If there's one industry that can trump the sneakwrap practices of software companies, it's the cell phone business. Once you've parted with your money, you are just at their mercy, as this recent reader gripe about Cingular demonstrates.
"I have had Verizon for ten years, but I needed phones that would roam in Europe, and decided to go to Cingular," the reader wrote. "After telling the folks at Cingular that I needed the phones for trips being made in the next two months, and being told 'no problem,' I shelled out some $600 for four high-end quad mode phones from Motorola. I confirmed with Cingular and Best Buy (where I bought the phones) before signing that the phones would work when I showed up in Europe, no additional activation charge or notification was required."
The reader then gave one of the phones to his teenage daughter to take to Sweden. "The phone didn't work there," the reader wrote. "I called Cingular to be told that they won't activate the phones until I have established a one year history with them. (I am 50 years old and I have excellent credit.) I told them when I bought the phones I was told that my credit history made this unnecessary. Nope (not sorry, 'nope'), not true. No exceptions. Don't even ask."

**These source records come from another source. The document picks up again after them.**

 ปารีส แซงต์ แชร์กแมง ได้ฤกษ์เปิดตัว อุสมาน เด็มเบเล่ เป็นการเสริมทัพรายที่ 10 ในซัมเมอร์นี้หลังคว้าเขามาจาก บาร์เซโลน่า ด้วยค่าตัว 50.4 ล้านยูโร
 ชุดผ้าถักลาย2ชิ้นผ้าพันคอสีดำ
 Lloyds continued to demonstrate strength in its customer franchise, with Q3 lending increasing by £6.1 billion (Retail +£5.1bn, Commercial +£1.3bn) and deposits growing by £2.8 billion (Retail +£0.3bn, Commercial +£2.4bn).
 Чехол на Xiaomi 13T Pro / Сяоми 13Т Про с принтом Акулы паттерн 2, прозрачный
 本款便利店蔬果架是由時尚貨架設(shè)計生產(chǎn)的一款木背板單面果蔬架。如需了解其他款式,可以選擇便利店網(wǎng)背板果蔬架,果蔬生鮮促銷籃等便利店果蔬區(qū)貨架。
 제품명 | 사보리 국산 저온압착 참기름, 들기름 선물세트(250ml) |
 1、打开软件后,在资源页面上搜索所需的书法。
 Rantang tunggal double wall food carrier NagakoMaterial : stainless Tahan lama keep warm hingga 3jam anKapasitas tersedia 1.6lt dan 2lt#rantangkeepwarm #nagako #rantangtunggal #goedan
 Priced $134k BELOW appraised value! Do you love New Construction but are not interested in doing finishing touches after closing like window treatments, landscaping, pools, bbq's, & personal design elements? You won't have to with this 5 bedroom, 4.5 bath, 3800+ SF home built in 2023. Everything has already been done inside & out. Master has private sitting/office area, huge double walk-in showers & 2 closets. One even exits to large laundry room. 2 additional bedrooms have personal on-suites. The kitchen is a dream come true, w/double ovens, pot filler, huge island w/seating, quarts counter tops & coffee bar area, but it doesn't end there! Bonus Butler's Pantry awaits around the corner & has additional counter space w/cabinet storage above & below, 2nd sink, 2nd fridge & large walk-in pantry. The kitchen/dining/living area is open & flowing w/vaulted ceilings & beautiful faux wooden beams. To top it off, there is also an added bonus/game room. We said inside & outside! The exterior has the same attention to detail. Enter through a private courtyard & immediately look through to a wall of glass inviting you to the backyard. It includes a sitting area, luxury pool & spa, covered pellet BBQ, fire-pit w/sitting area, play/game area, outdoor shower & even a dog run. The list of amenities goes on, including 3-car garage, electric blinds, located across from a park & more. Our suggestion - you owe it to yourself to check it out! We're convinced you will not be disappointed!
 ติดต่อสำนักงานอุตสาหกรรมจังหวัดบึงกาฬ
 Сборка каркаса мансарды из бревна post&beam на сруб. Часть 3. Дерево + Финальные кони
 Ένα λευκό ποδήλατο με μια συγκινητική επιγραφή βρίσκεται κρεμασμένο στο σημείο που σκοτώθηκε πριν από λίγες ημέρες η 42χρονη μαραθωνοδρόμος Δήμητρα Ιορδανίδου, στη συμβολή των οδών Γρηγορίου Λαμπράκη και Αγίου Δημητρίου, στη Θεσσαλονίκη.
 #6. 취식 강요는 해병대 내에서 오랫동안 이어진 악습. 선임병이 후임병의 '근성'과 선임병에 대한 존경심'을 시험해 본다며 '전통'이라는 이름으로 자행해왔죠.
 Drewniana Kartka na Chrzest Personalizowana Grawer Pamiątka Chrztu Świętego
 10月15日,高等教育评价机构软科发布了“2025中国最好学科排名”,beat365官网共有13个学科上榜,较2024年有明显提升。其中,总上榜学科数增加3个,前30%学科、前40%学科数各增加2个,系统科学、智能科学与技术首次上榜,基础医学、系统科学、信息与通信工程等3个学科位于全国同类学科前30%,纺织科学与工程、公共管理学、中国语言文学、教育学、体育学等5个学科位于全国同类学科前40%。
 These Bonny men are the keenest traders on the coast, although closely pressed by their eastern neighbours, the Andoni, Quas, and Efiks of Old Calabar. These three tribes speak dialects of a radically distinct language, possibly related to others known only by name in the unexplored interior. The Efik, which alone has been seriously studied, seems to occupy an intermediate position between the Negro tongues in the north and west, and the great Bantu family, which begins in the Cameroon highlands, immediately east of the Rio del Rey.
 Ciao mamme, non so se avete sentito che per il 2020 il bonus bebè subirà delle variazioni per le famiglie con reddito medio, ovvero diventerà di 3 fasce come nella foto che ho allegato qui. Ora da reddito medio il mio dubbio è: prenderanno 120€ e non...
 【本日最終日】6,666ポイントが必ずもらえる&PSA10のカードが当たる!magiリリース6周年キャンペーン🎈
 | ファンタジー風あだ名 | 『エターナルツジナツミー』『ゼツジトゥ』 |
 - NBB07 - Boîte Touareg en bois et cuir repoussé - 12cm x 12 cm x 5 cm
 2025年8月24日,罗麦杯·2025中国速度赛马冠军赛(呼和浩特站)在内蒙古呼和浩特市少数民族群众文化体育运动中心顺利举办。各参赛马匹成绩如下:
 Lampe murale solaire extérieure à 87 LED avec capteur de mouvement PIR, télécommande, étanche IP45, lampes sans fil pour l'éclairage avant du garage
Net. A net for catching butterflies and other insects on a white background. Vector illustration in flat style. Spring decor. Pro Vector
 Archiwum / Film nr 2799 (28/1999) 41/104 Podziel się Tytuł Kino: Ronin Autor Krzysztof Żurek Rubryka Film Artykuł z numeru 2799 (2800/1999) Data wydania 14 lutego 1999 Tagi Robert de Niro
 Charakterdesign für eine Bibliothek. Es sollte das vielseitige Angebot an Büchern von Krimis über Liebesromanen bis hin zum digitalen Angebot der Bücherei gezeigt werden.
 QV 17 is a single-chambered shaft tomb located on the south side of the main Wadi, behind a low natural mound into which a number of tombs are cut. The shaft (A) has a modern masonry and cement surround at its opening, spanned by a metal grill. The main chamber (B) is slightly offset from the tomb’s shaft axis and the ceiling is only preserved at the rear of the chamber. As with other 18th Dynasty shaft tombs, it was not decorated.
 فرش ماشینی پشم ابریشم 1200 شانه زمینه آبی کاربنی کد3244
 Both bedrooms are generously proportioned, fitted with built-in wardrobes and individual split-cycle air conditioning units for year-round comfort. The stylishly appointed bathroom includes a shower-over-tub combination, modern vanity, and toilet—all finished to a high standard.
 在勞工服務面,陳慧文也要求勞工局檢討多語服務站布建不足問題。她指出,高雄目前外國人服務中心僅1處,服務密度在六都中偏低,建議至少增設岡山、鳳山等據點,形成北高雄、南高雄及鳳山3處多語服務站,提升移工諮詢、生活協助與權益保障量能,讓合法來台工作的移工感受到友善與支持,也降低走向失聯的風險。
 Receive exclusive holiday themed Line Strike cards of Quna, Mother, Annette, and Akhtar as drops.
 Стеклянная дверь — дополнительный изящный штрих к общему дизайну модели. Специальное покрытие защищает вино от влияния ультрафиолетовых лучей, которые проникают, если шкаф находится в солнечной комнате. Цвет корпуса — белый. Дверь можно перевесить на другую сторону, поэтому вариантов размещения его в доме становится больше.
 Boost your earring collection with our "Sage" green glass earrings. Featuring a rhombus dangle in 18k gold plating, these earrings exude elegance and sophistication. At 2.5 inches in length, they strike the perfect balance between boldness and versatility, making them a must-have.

What could have the reader done differently to learn the truth before his purchase? "I did my homework, and asked all the right questions," he writes. "The answers were obviously either incompetent ones or lies. My one lesson here: write it on the contract. But must I write everything on the contract? Local, national roaming? International roaming? 24-hour access? There's no space for it all. Their contract promises nothing. So now I have four expensive bricks I don't need. And the sneakwrap on their web site appears to cover them as all their service claims are weasel-worded to where, if they even shut off their network, I still have to pay. I'm headed to small claims court -- the only thing their arbitration clause allows -- to attempt to recover the price differential on the phones. And they have permanently lost a customer -- the day this one-year contract runs out."